It’s likely, from where I sit, that this back-to-nature and boxed-up simplicity is not being marketed to people like me, who come from simplicity and heightened knowledge of poverty, but to people who have not wanted for creature comforts. For them to try on, glamorize, identify with.

Such appropriation isn’t limited to the Tiny House trend, or even to the idea of simplicity. In major cities, people who come from high-income backgrounds flock to bars and restaurants that both appropriate, and mock, low-income communities. Perhaps the most egregious example is San Francisco’s Butter Bar, a trendy outpost that prides itself on being a true-blue, trailer park-themed bar, serving up the best in “trashy” cuisine and cocktails.​

I've seen the tiny houses show on HGTV! I'm still trying to figure out what the author is upset about. I wouldn't want to live in one of those tiny houses, but if someone else does, then why would that bother anyone? Damn, people are so screwy.

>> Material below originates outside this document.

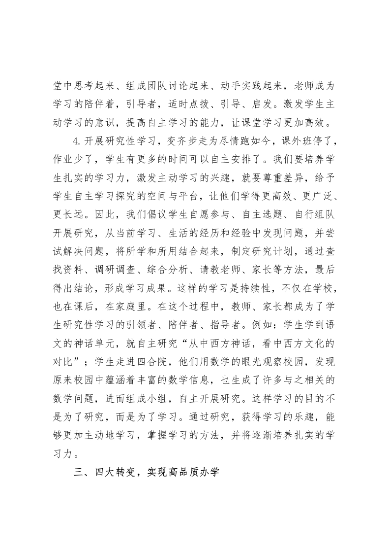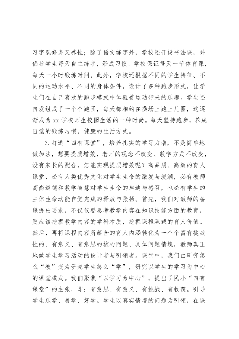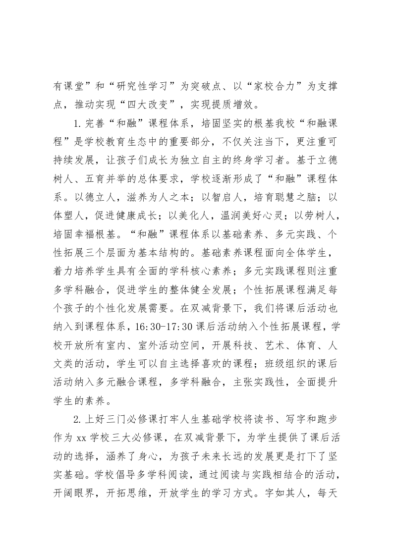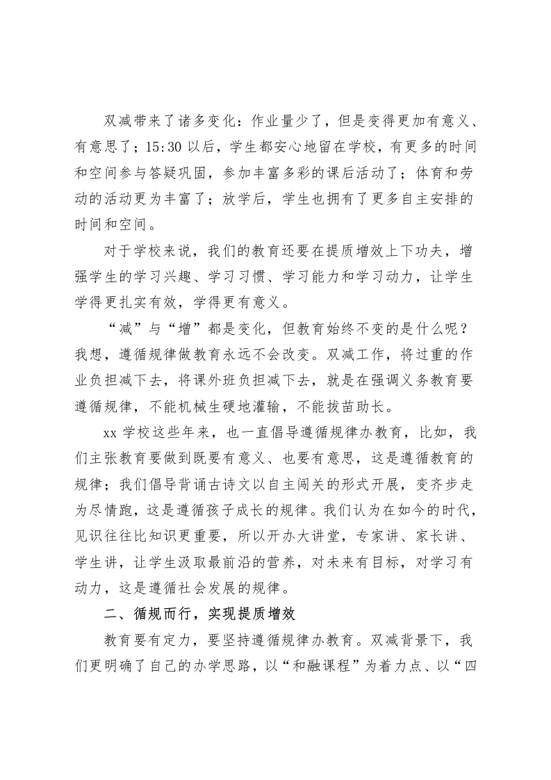 学校落实双减特色亮点总结,校长汇报循规而行,提质增效各位领导、专家、同仁:双减之下,我们高度重视、了解需求、回应关切、认真落实。同时我们认为,学校不能仅仅满足于完成上级政策、指标要求,这只是底线。作为教育者,我们更应该将双减工作与办学理念、发展路径相结合,坚持遵循教育规律,努力营造良好的育人生态,优化学生学习成长的环境,促进学生全面发展,更好地应对未来社会的变化。一、双减引发对教育的再思考我们的教育就是为孩子未来无限的可能播下希望的种子。因此,一直以来学校都坚持为学生提供适合的教育,提供更多可能的平台,鼓励变“齐步走”为“尽情跑”,给每个孩子自我发展的空间,让每个孩子都在自己最好的方面,争做最好的我。双减落地,让我们加深了对教育的理解,更坚定了办学的方向。有舍才能有得,先舍才能后得。面对双减,我们要思考并处理好“减与增”的关系。对于学生来说,减的是过重的作业负担,减的是课外培训的负担,学生不再把大量的时间浪费在课外班超前的知识学习中,不浪费在刷题的困境中。

Oh I could definitely live in one with the right climate.
Of course i'd have a 4000 square foot Lanai with outdoor kitchen and living area.
And then I'd still need a four car shop/garage.
 
Funny this was brought up. Before divorce slapped me in the face I had a dream of my husband and I living in a tiny house, except we had some of our huge furniture in there. It was like huge dark cherry king size sleigh bed, big dining room table you had to sit at to cook and climb over to get to the bed, huge sofa with the huge tv and our computer desks so close to each other that neither of us could get into our chairs at the same time, then the bathroom was beyond them. He was like, sounds like a cheap trashy RV when the slides aren't out. heh
 
'The Tiny House Movement began in the ’90s, but has only been rising in popularity since the recession...'

Who knew?!? :)

My family comes from a long line of tiny house dwellers. They were called house trailers but you could pull them with a car. Hubby and I lived in a tiny house for the first two years of our marriage - it was called a travel trailer. We have many friends who now live in tiny houses with built in engines - they are known as motor homes.
 
I was for a hot second contemplating which piece of my collard recipe I'd share with you. Then I thought, "Oh, hell no!...No he didn't just try baiting me into giving up my potlikker recipe !!??!! Who does he think just fell off the turnip truck?" What I will share, however, is that my favorite way to eat greens is with my homemade pepper relish, course grated black pepper and vinegar -- I like really old balsamic best, but regular yellow vinegar is great too.

That's also something else that was always in the fridge. If I saw less than a quart of potlikker, depending on the time of day I noticed, if greens weren't already in the making, I could be sure they would definitely be part of the next day's lunch -- because I wanted them instead of lettuce on my lunch sandwich -- and dinner because Mom and Dad wanted greens too. That stuff is as much a reason for having greens as are the greens. I mean, really. What the hell isn't really good with potlikker? I haven't tried but, but I suspect it'd make poached eggs better. I've used it to make omelettes; it worked for that.

That reminds me of a time back in the early '70s when Mom decided to have a fondue dinner party. She had all sorts of "traditionally Swiss"dipping sauces, but she also had potlikker in one of the bowls. People asked what it was and when Mom told them it was potlikker, they thought it was some sort of Swiss thing and nobody told them it wasn't. But they sure loved everything dipped in potlikker either before or after they'd dipped in something else, even the chocolate.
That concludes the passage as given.